▶ [Problem requirements]
Among the entries below, only the lines from the one with "View looking northwest at the south elevation" through the one with "First grade class, Ayer" are to be retyped, exactly and without pictures.

▶ [Input data]
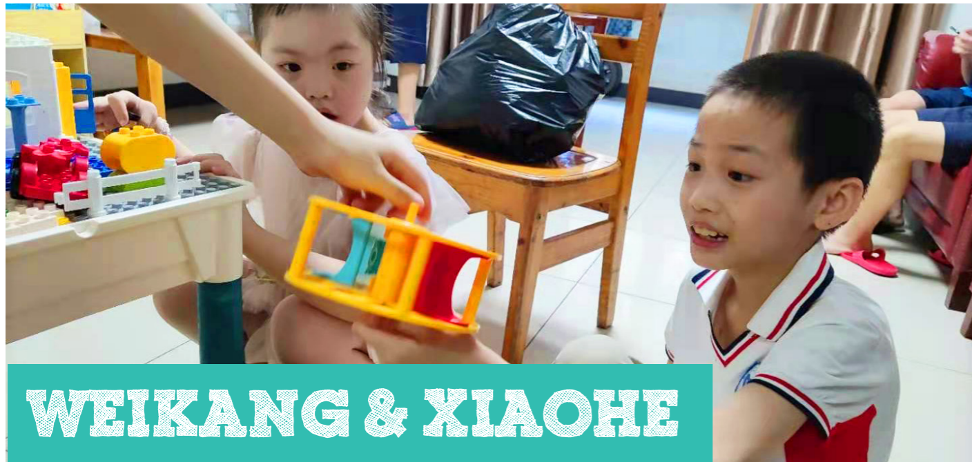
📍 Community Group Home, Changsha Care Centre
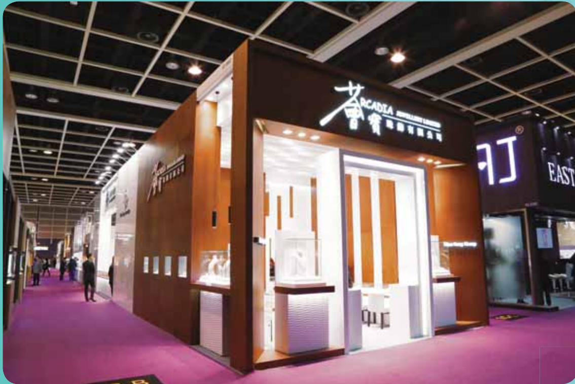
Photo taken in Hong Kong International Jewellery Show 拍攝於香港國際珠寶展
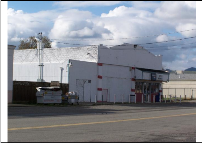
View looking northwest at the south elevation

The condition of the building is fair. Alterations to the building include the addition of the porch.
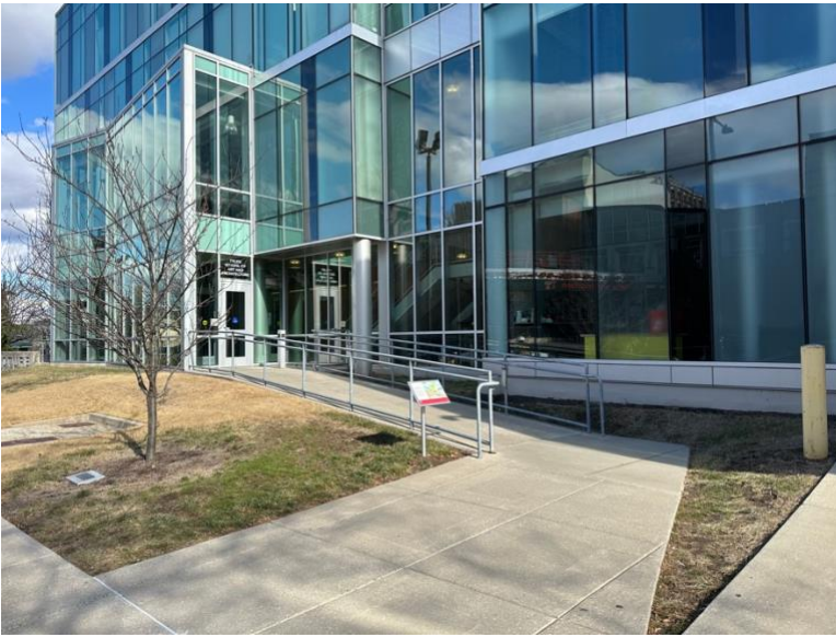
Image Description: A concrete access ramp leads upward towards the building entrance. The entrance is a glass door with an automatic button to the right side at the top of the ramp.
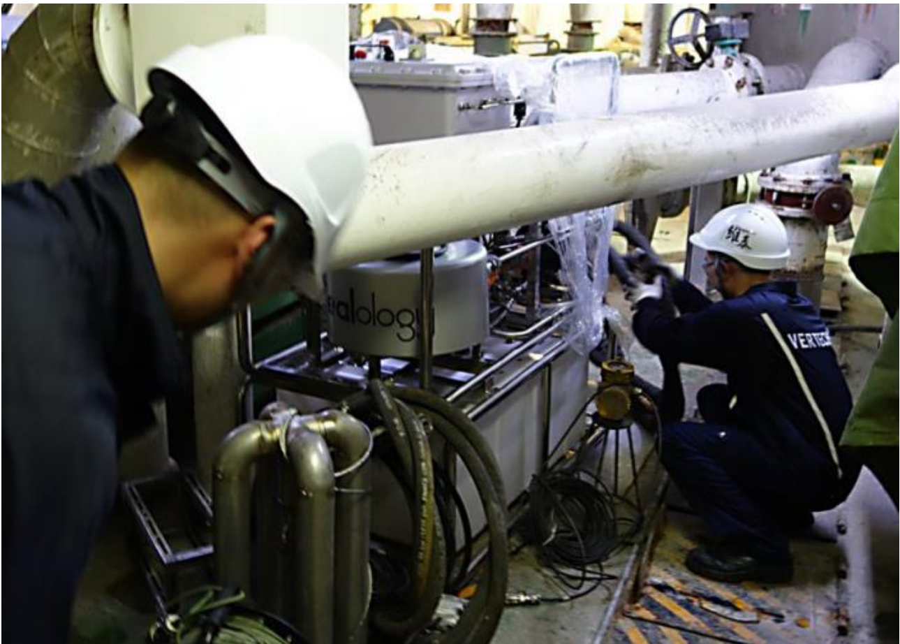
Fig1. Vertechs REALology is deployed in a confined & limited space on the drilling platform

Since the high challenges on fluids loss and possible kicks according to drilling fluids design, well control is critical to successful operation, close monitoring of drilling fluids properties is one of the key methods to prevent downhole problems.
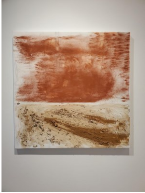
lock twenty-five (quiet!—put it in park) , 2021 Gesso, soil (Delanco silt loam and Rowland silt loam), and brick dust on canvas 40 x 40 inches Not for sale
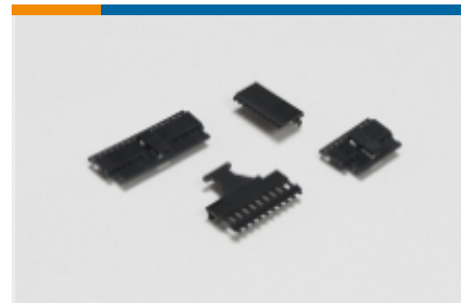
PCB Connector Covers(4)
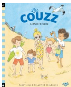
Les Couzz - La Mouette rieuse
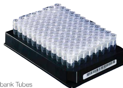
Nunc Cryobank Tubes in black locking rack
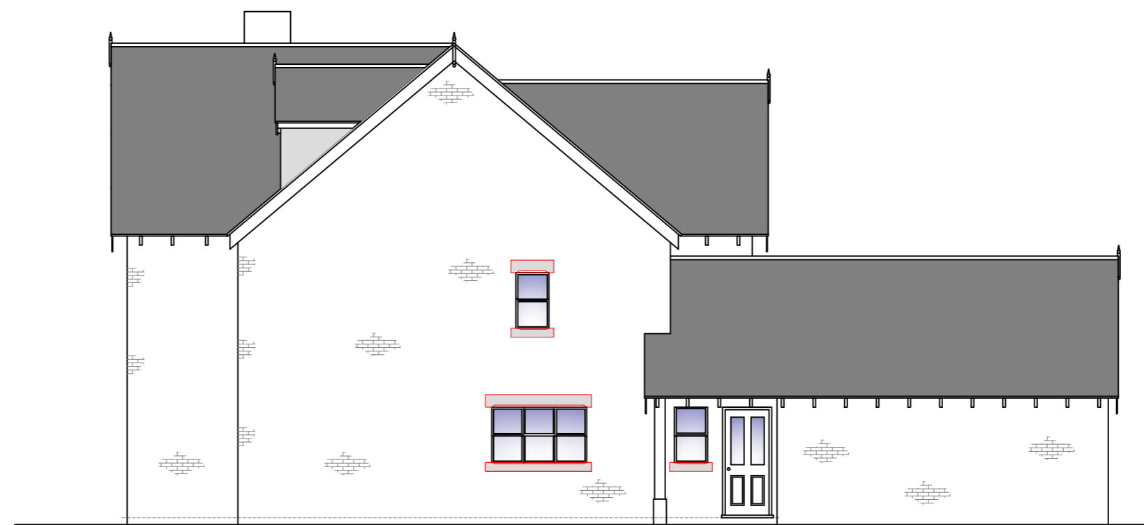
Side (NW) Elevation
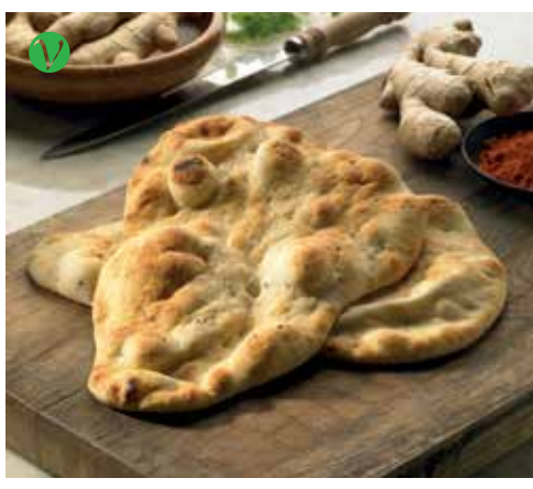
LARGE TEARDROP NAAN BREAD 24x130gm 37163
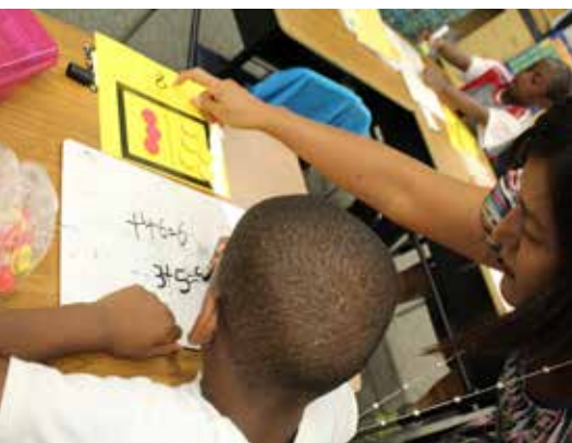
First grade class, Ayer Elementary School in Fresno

* * *

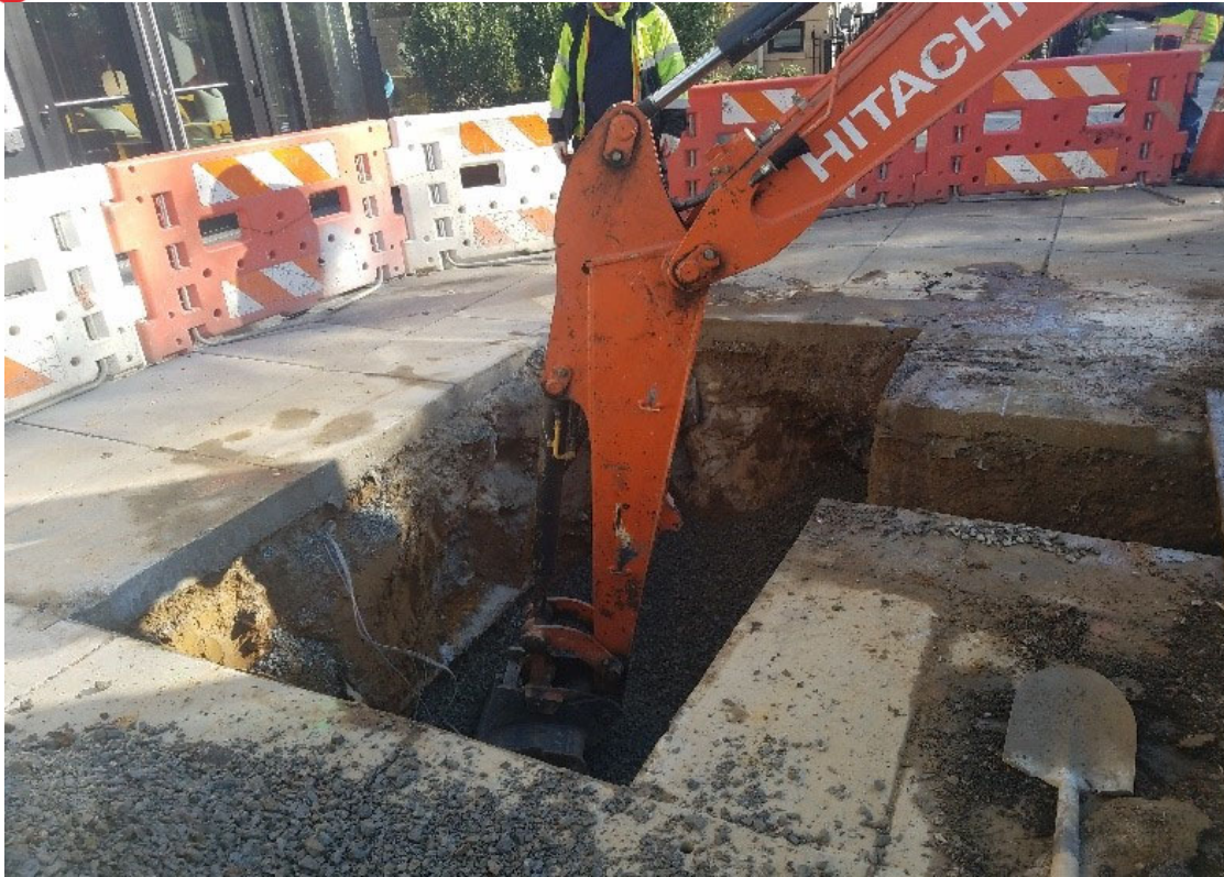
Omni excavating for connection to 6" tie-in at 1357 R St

▶ [Expected output]
View looking northwest at the south elevation

The condition of the building is fair. Alterations to the building include the addition of the porch.
Image Description: A concrete access ramp leads upward towards the building entrance. The entrance is a glass door with an automatic button to the right side at the top of the ramp.
Fig1. Vertechs REALology is deployed in a confined & limited space on the drilling platform

Since the high challenges on fluids loss and possible kicks according to drilling fluids design, well control is critical to successful operation, close monitoring of drilling fluids properties is one of the key methods to prevent downhole problems.
lock twenty-five (quiet!—put it in park) , 2021 Gesso, soil (Delanco silt loam and Rowland silt loam), and brick dust on canvas 40 x 40 inches Not for sale
PCB Connector Covers(4)
Les Couzz - La Mouette rieuse
Nunc Cryobank Tubes in black locking rack
Side (NW) Elevation
LARGE TEARDROP NAAN BREAD 24x130gm 37163
First grade class, Ayer Elementary School in Fresno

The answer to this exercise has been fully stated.